Moreover, Cheema et al. suggested that patients with ESRD could improve skeletal muscle quality and derive other health-related adaptations solely by engaging in a 12-week high-intensity PRT regimen during routine hemodialysis treatment sessions.23 Exercise can be performed either as ‘intradialytic’ or ‘interdialytic,’ and both exercise programs have pros and cons. Although debate still exists, intradialytic exercise programs are superior to interdialytic exercise programs in terms of a lower dropout rate.24

The present study presented some limitations; one limitation being the use of three different types of dialysis machines. We recommend further study using one type of dialysis machine for all patients. We conducted the study at one dialysis center which was the only center for chronic hemodialysis in the city, therefore a limited number of hemodialysis patients were available and the sample size may be small for a definite conclusion. Therefore a larger, multicenter study may be suggested. Also, the intensity of exercise is usually controlled with a cycle ergometer; however, we used the patients’ heart rate as a measure of intensity of exercise. Another limitation was the fact that based on the type of intervention in this study (exercise), it was very difficult to have a good control group, and hence confounders might play a role here. Moreover, based on the type of intervention, blinding was not feasible and physicians were not blinded to the study groups.

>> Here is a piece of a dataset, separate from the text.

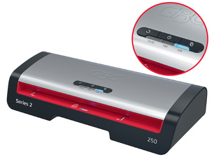 GBC Plastifieuse 250, jusqu’au format A4, noir/argent/rouge – largeur de plastification: 210 mm,pour épaisseur 250 microns (2x 75/125 microns), temps de préchauffage: 1 minute, vitesse de plastification: 500 mm/minute, fiche de courant avec terre – pour CH incl

In conclusion, the findings of the current study show that the prescribed intradialytic aerobic exercise program resulted in significant improvement in urea clearance. However, further investigations with larger samples may be required for the intervention to be prescribed as an adjunctive therapy to HD. The consequences of improved dialysis efficacy with intradialytic physiologic manifestations of the uremic syndrome (i.e., uremic myopathy, uremic neuropathy) have yet to be identified.


The authors wish to acknowledgment the efforts of the research deputy at Mazandaran University of Medical Sciences, also the head and staff at the dialysis department of Imam Khomeini Hospital in Sari for cooperating in the present study.